The total amount of remuneration granted or to be granted directly or indirectly by the Company to the senior executives is fully described in the consolidated financial accounts of the Company, as disclosed in its annual accounts for 2020 which is available at the Company’s website, www.crownenergy.se.
The total numbers of shares and votes in the Company on the date of this notice amount to 477 315 350 The Company does not hold any own shares.

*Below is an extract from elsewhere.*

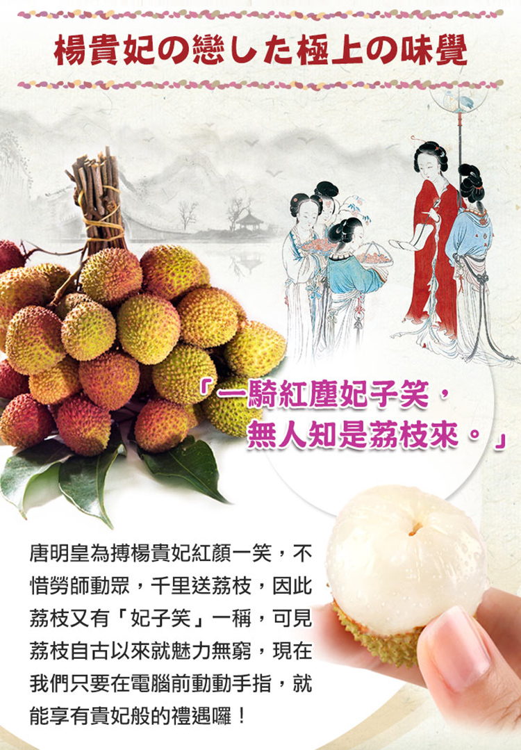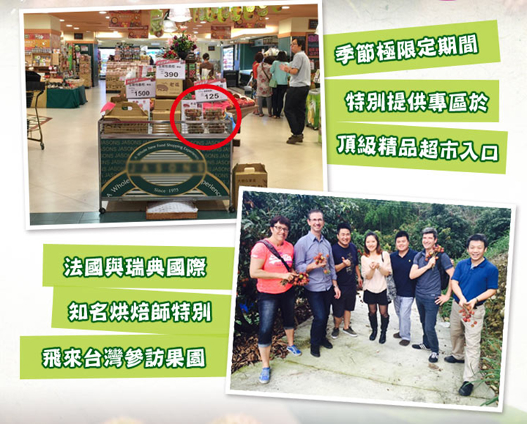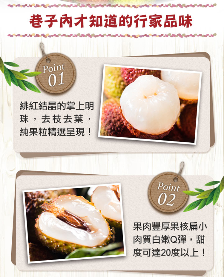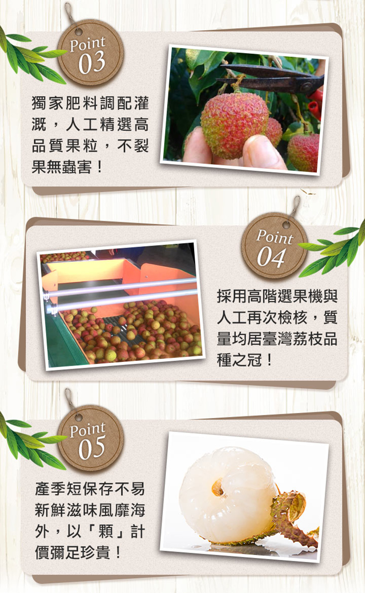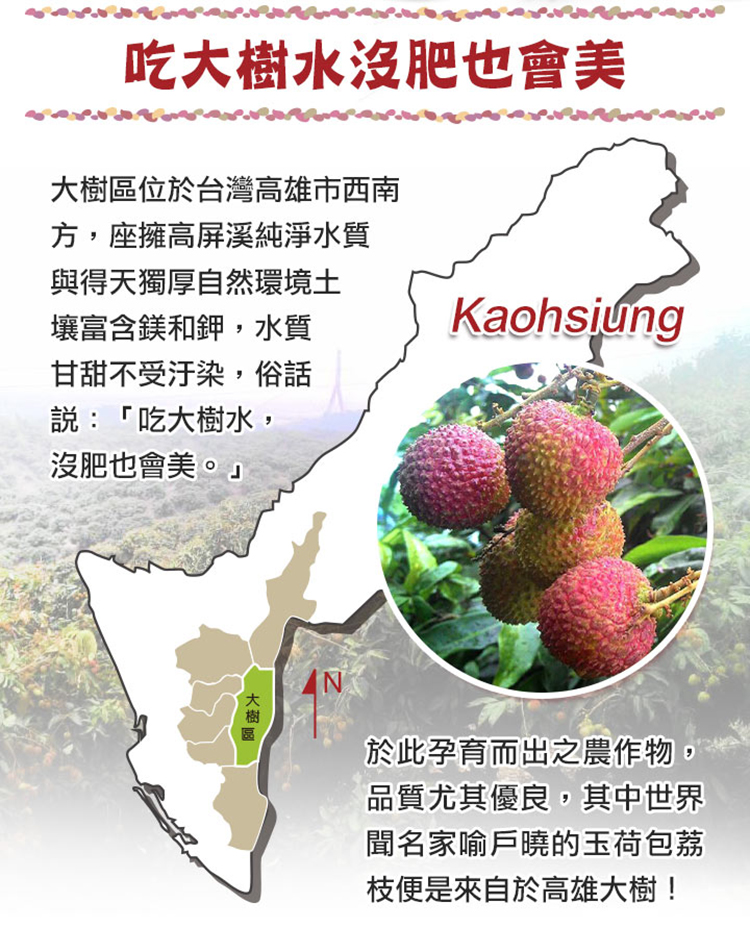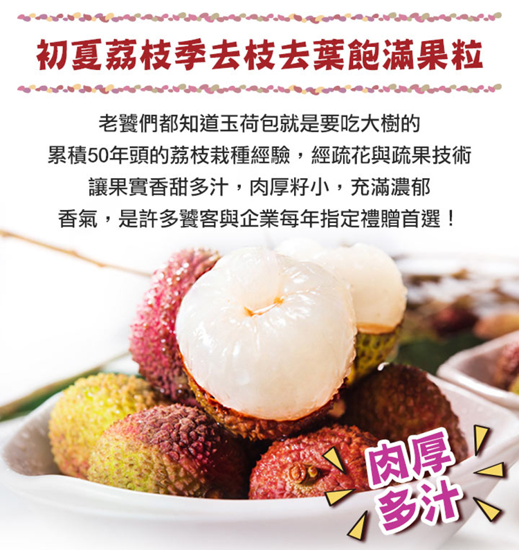 頂級特選玉荷包,人工精選的高品質,果實皮薄果肉豐厚,肉質白嫩Q彈果核小 ,輸日質量果粒、品質等級均居臺灣現有荔枝品種之冠!

Copies of the accounting documentation, the auditor’s report, auditor statement regarding guidelines for remuneration to senior executives and complete proposals of the resolutions will be available at the Company and at the Company’s website, www.crownenergy.se, at least three weeks in advance of the annual general meeting. The documents will also be sent to shareholders upon request provided that the shareholders state their postal address.
The shareholders are reminded of their right to request information at the annual general meeting from the board of directors and the managing director in accordance with Ch. 7 Section 32 of the Swedish Companies Act.